Edits and Updates
3/24/2013:
My output hash from Python is now matching the hash from c++ after converting to utf-16 and stoping before hitting any 'e' or 'm' bytes. However the decrypted results do not match. I know that my SHA1 hash is 20 bytes = 160 bits and RC4 keys can vary in length from 40 to 2048 bits so perhaps there is some default salting going on in WinCrypt that I will need to mimic. CryptGetKeyParam KP_LENGTH or KP_SALT
3/24/2013:
CryptGetKeyParam KP_LENGTH is telling me that my key ength is 128bits. I'm feeding it a 160 bit hash. So perhaps it's just discarding the last 32 bits...or 4 bytes. Testing now.
3/24/2013:
Yep, that was it. If I discard the last 4 bytes of my SHA1 hash in python...I get the same decryption results.
Quick Info:
I have a c++ program to decrypt a datablock. It uses the Windows Crytographic Service Provider so it only works on Windows. I would like it to work with other platforms.
Method Overview:
In Windows Crypto API
An ASCII encode password of bytes is converted to a wide character representation and then hashed with SHA1 to make a key for an RC4 stream cipher.
In Python PyCrypto
An ASCII encoded byte string is decoded to a python string. It is truncated based on empircally obsesrved bytes which cause mbctowcs to stop converting in c++. This truncated string is then enocoded in utf-16, effectively padding it with 0x00 bytes between the characters. This new truncated, padded byte string is passed to a SHA1 hash and the first 128 bits of the digest are passed to a PyCrypto RC4 object.
Problem [SOLVED]
I can't seem to get the same results with Python 3.x w/ PyCrypto
C++ Code Skeleton:
HCRYPTPROV hProv = 0x00;
HCRYPTHASH hHash = 0x00;
HCRYPTKEY hKey = 0x00;
wchar_t sBuf[256] = {0};
CryptAcquireContextW(&hProv, L"FileContainer", L"Microsoft Enhanced RSA and AES Cryptographic Provider", 0x18u, 0);
CryptCreateHash(hProv, 0x8004u, 0, 0, &hHash);
//0x8004u is SHA1 flag
int len = mbstowcs(sBuf, iRec->desc, sizeof(sBuf));
//iRec is my "Record" class
//iRec->desc is 33 bytes within header of my encrypted file
//this will be used to create the hash key. (So this is the password)

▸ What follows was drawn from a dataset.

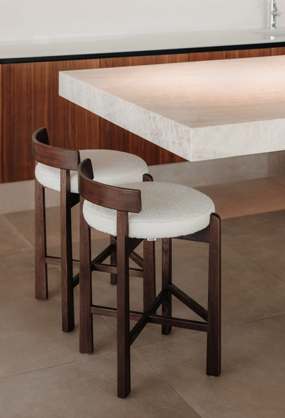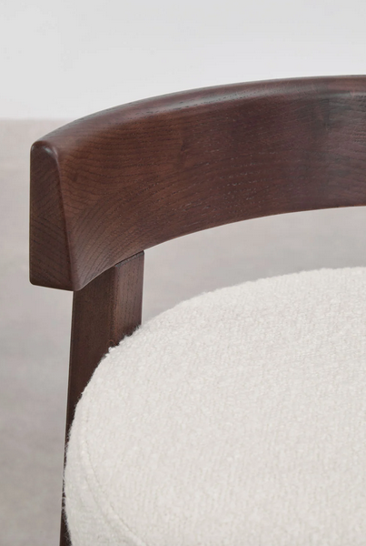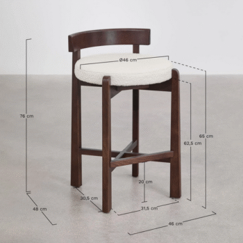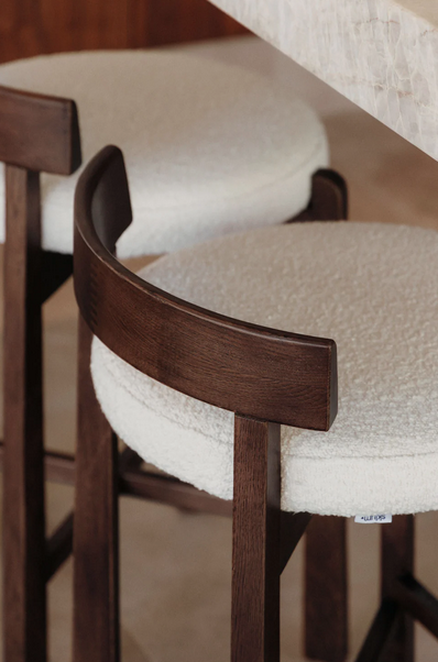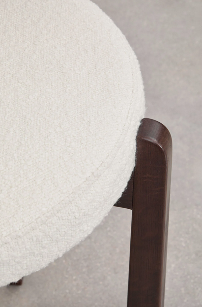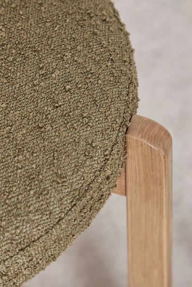 Aukštas baro kėdės išsiskiria subtiliu dizainu ir kokybiškomis medžiagomis. Konstrukcija iš ąžuolo medienos suteikia tvirtumo, o minkšta poliesterio boucle tekstūros sėdimoji dalis – prabangos ir komforto pojūtį. Poliuretano putų užpildas užtikrina ergonomišką sėdėjimą, o integruota kojų atrama padidina patogumą. Natūralios spalvos ir minimalistinė forma leidžia šį baldą lengvai pritaikyti prie įvairių interjero stilių, nuo modernaus iki skandinaviško.
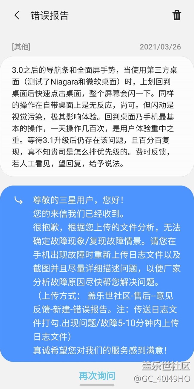 一個(gè)百分百?gòu)?fù)現(xiàn)的問(wèn)題,三星的技術(shù)說(shuō)無(wú)法確定??我一個(gè)普通用戶都在蓋樂(lè)世和酷安里多次碰到別人反饋one ui3.0的這個(gè)bug,官方還不知道這個(gè)問(wèn)題存在么?真麻木。還希望我滿意。。。用最好的態(tài)度干最壞的事怎么跟日本人似的。

CryptHashData(hHash, (const BYTE*)sBuf, len, 0);
CryptDeriveKey(hProv, 0x6801, hHash, 0, &hKey);
DWORD dataLen = iRec->compLen;
//iRec->compLen is the length of encrypted datablock
//it's also compressed that's why it's called compLen
CryptDecrypt(hKey, 0, 0, 0, (BYTE*)iRec->decrypt, &dataLen);
// iRec is my record that i'm decrypting
// iRec->decrypt is where I store the decrypted data
//&dataLen is how long the encrypted data block is.

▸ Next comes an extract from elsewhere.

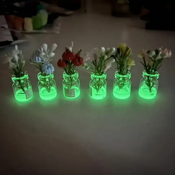 5 pcs, Glow-in-Dark Resin Mini Vase Set – Décor for Car Dashboard/Home/DIY Crafts with Lifelike Flowers
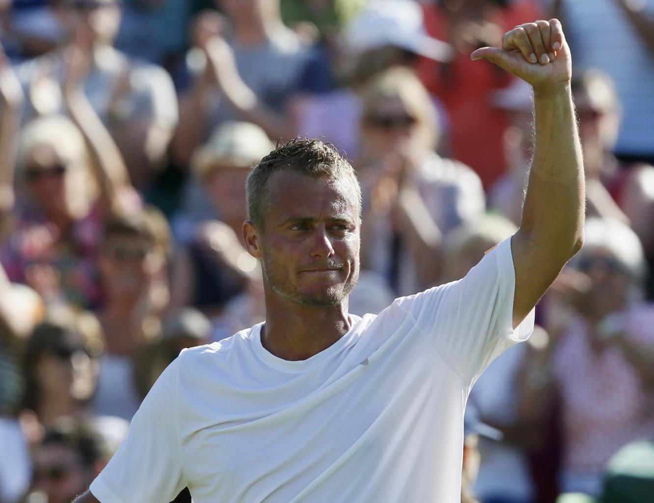 Lleyton Hewitt of Australia gestures to the crowd at the Wimbledon Tennis Championships in London, on June 29, 2015.

//I get this from file header info
Python Code Skeleton:
from Crypto.Cipher import ARC4
from Crypto.Hash import SHA
#this is the Decipher method from my record class
def Decipher(self):
#get string representation of 33byte password
key_string= self.desc.decode('ASCII')
#so far, these characters fail, possibly others but
#for now I will make it a list
stop_chars = ['e','m']
#slice off anything beyond where mbstowcs will stop
for char in stop_chars:
wc_stop = key_string.find(char)
if wc_stop != -1:
#slice operation
key_string = key_string[:wc_stop]
#make "wide character"
#this is equivalent to padding bytes with 0x00
#Slice off the two byte "Byte Order Mark" 0xff 0xfe
wc_byte_string = key_string.encode('utf-16')[2:]
#slice off the trailing 0x00
wc_byte_string = wc_byte_string[:len(wc_byte_string)-1]
#hash the "wchar" byte string
#this is the equivalent to sBuf in c++ code above
#as determined by writing sBuf to file in tests
my_key = SHA.new(wc_byte_string).digest()
#create a PyCrypto cipher object
RC4_Cipher = ARC4.new(my_key[:16])
#store the decrypted data..these results NOW MATCH
self.decrypt = RC4_Cipher.decrypt(self.datablock)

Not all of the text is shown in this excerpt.